3. During connection startup for any connection if preloading is enabled on the cluster.

Each relcache entry has a section that stores information about the triggers on the table. We currently build this by calling `RelationBuildTriggers` for each table—each invocation of `RelationBuildTriggers` scans `pg_trigger` for the triggers on the relation and loads them into the cache entry. In vanilla PG, `RelationBuildTriggers` uses an index scan to efficiently lookup the relevant triggers by the table's OID; however, in Yugabyte, the lookup works differently. Because we call `RelationBuildTriggers` many times, we prefetch the entire `pg_trigger` table and scan the prefetched table rather than going all the way to the master leader (which may be on a different node). However, the trigger relid index is not available on the prefetched table, so we have to scan the entire table into PG and then filter for the relevant rows.

This method of loading the relcache is slow and memory inefficient. As an example, one customer has about 700 tables and 4,000 triggers (mainly created automatically from foreign key constraints). This results in having to copy and scan 3,000,000 rows during relcache preloading. We create a new memory context for loading the relcache and only free it after the relcache is fully loaded—this context balloons to about 400MB due to all the copies of `pg_trigger`. Furthermore, `RelationBuildTriggers` accounts for about 70% of the time it takes to start up a connection in this case.

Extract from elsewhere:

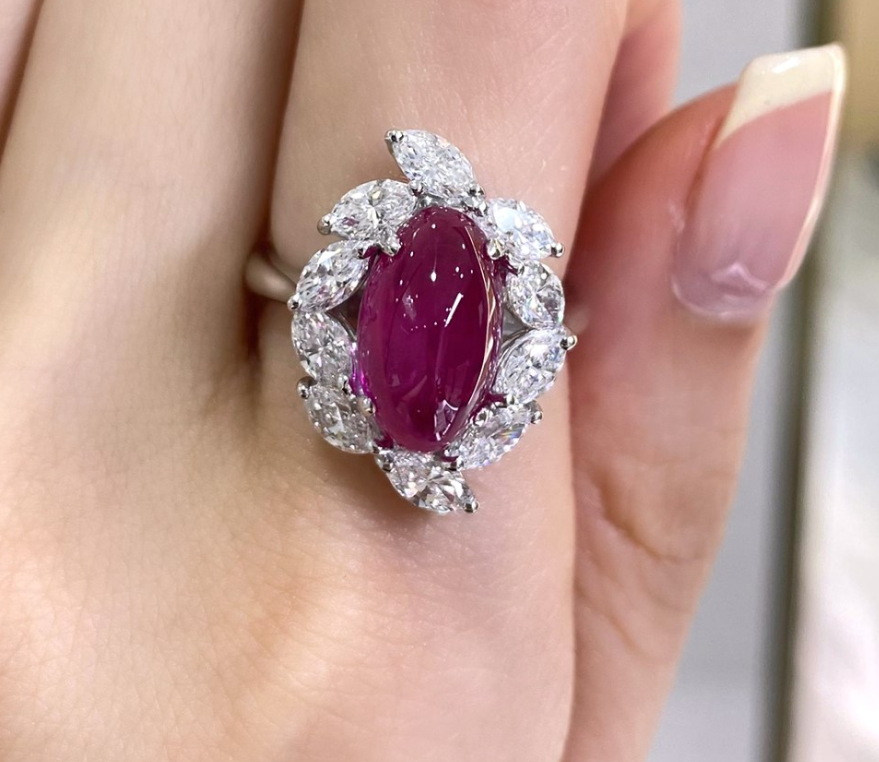 A vivid ruby ring that shines with passion and grace in 18K white gold.

### RelationBuildRowSecurity

The same issue also affects `RelationBuildRowSecurity`. During connection startup, peak memory usage is Θ(# of row security policies * # of tables). Loading the row-level security policies into the relcache is also slow, with a time complexity of Θ(# of row security policies * # of tables).

### The Fix

To fix this issue, we copy `pg_trigger` into an in-memory hash table indexed by the relation oid and use this hash table to lookup triggers by relation OID when building the trigger entries in the relcache. This reduces the time of relcache trigger initialization from Θ(m * n) to Θ(m + n), and the memory usage from Θ(m * n) to Θ(m), where m is the total # of triggers and n is the total # of tables. This optimization is similar to the ones added in D25586 for `pg_attrdef` and `pg_constraint`.

We implement the same fix for the `pg_policy` table in `RelationBuildRowSecurity`.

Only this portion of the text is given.